« Mais c’était gay », expliqua Andrew, ce qui lui paraissait évident, tout en détestant y avoir pris du plaisir. Bien qu’il n’en fût pas certain, peut-être était-ce simplement l’intrusion soudaine qui l’avait fait jouir.
« Ah bon ? » demanda Stéphanie, toujours amusée par le double discours des hommes sur l’homosexualité. Si lui, ou n’importe quel homme, la voyait avec une autre femme, ils trouveraient ça excitant, et le fantasme de tout homme est de faire un plan à trois avec deux femmes… mais deux hommes ensemble, ou deux hommes et une femme, ou même une simple allusion à l’homosexualité, comme un doigt dans l’anus, et un homme panique. Elle trouvait ce trait de caractère très répandu amusant, superficiel et sexiste.
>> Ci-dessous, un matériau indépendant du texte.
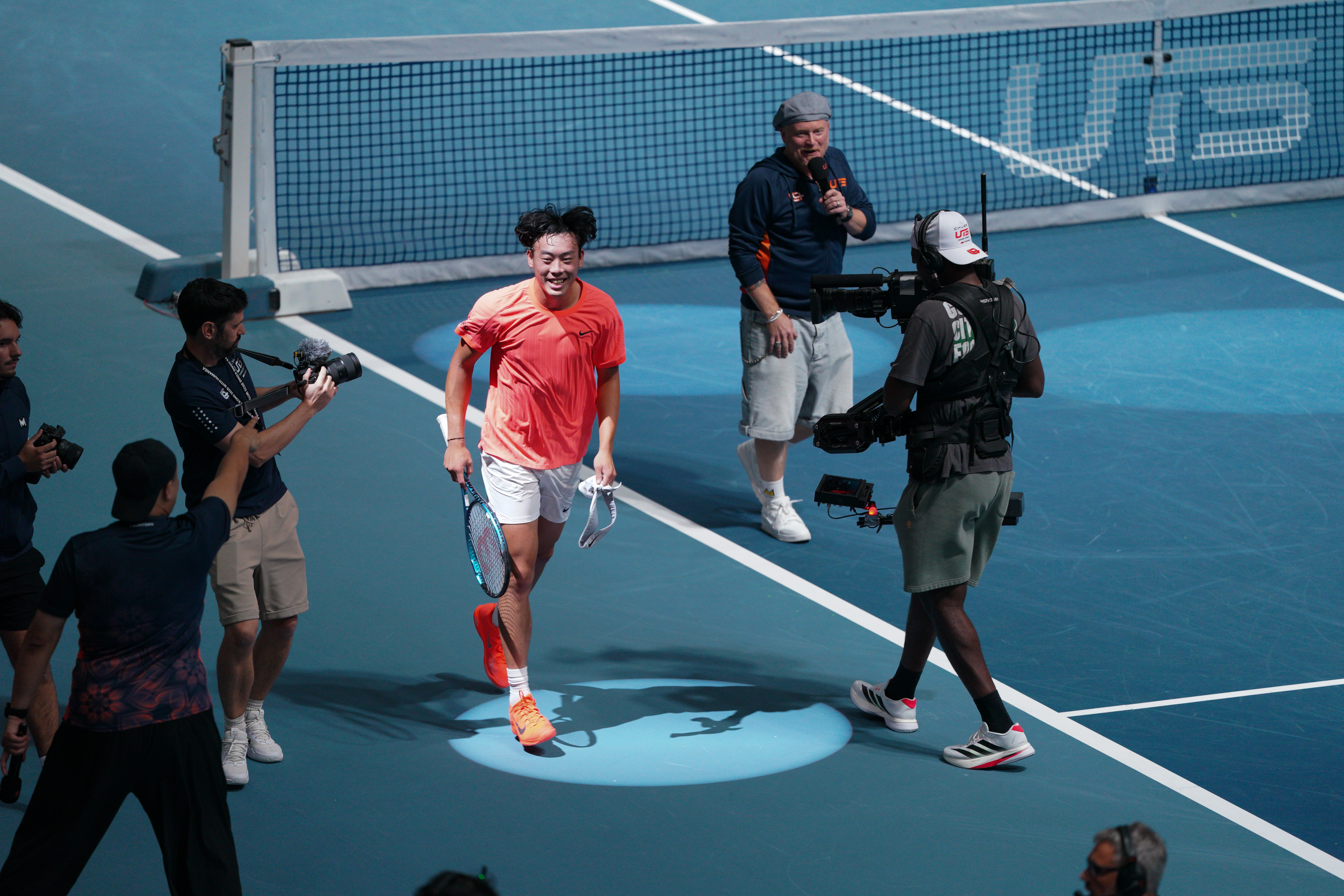 大公文匯全媒體報道,創新賽事「Ultimate Tennis Showdown」(UTS)昨日(14日)完成首日賽事,今天(15日)繼續在啟德體藝館進行第二日賽事。21歲的香港網球手黃澤林作為UTS香港站的焦點,在昨日惜敗俄羅斯名將盧比利夫(Jenson Brooksby)後,今晚又戰法國名將加斯基特(Richard Gasquet),以3-2大比分獲勝。

« Ouais, tu m’as mis un doigt dans le cul », dit Andrew, déconcerté que sa mère ne voie pas ce qu’il disait.
« Alors, c’est normal que tu me fourres ta grosse bite dans le cul, mais c’est mal que je te mette un doigt dans le tien ? »
« Ouais. »
« Pourquoi ? »
« Parce que les hétéros ne prennent rien dans le cul. »
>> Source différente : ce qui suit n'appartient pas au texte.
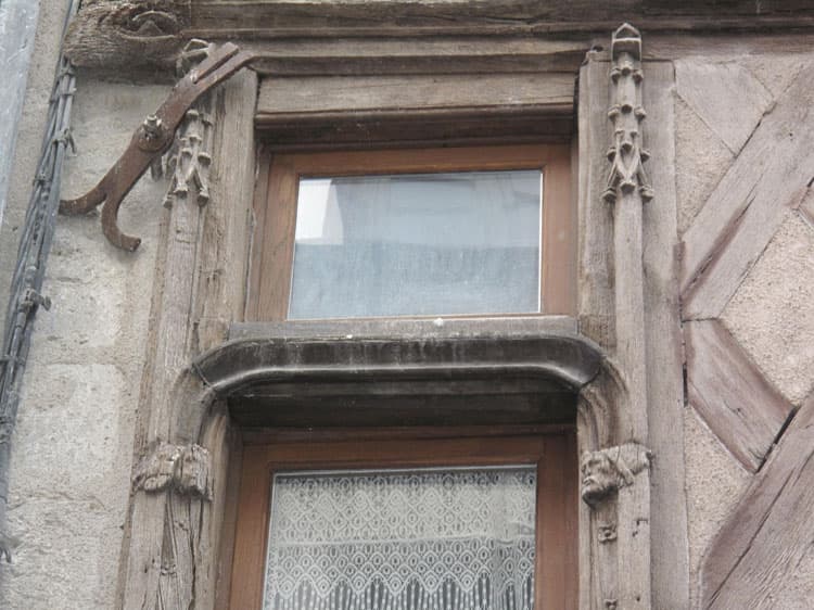Le rez-de-chaussée est en maçonnerie, le reste de la façade en pans de bois avec panneaux à grandes croix de Saint-André. A chaque étage, la fenêtre principale est encadrée de colonnettes en bois sculpté (chapiteaux à fleurons). Chaque étage est séparé par une frise en bois, celles du premier et du second étant sculptées aux extrémités. A l'intérieur se trouve un escalier à vis en bois, avec rampe moulurée.
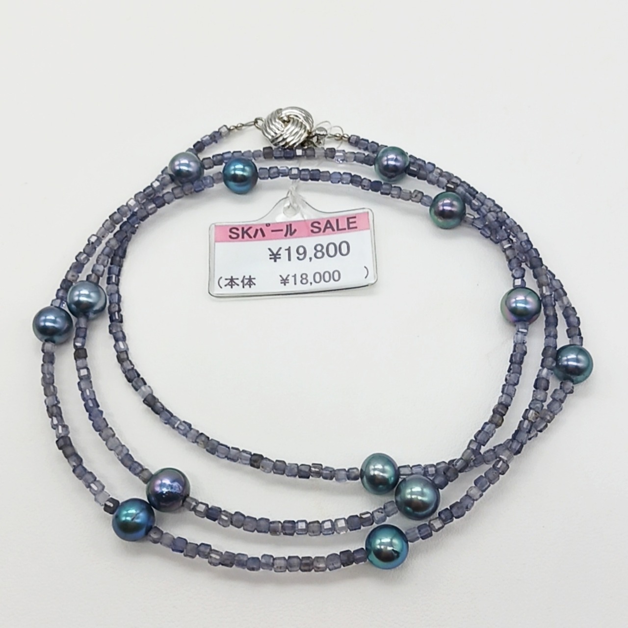 あこやグレー真珠入りアイオライトロングネックレス・7、5~8ミリ珠(商品番号12-652)

« D’abord, la plupart des femmes non plus », a déclaré Stéphanie. « Ensuite, la prostate d’un homme est située près de son anus et peut lui procurer des orgasmes intenses comme celui que tu viens de vivre. »
« Dégoûtant », dit-il, bien que l’orgasme qu’il venait d’avoir ait été très intense.
« Tu semblais apprécier », dit-elle.
« J’ai apprécié ta fellation », a-t-il précisé.
« Bien sûr », dit-elle avec un sourire narquois.
« Ce n’était que la fellation », a-t-il insisté. « J’étais déjà sur le point d’éjaculer avant que tu ne fasses ça. »
« Quoi ? » demanda innocemment Stéphanie.
« Il m’a enfoncé ce doigt dans le cul », répéta Andrew.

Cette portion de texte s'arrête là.